Given entries —
—————

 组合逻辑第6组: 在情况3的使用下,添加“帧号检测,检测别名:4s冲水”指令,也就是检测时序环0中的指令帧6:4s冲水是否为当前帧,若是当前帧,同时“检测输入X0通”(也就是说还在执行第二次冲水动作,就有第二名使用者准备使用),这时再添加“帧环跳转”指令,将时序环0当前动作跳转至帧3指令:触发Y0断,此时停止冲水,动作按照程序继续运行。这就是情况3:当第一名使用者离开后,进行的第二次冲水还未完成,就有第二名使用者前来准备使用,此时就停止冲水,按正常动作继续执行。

—————

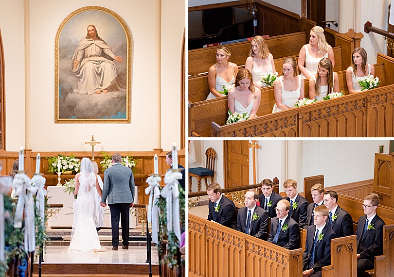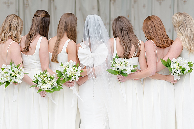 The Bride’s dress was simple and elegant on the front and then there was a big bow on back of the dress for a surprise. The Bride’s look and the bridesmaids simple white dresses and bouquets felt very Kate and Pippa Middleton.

—————

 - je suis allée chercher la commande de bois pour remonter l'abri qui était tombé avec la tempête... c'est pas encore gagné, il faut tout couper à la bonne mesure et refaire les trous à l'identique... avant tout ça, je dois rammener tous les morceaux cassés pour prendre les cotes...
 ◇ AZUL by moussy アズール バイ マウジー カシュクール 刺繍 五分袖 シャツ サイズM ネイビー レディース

—————

Once the line with "- je suis allée" is found in the records above, print exactly that line and every line after it through the line with "サイズM ネイビー レディース".

Solution to this task —
 - je suis allée chercher la commande de bois pour remonter l'abri qui était tombé avec la tempête... c'est pas encore gagné, il faut tout couper à la bonne mesure et refaire les trous à l'identique... avant tout ça, je dois rammener tous les morceaux cassés pour prendre les cotes...
 ◇ AZUL by moussy アズール バイ マウジー カシュクール 刺繍 五分袖 シャツ サイズM ネイビー レディース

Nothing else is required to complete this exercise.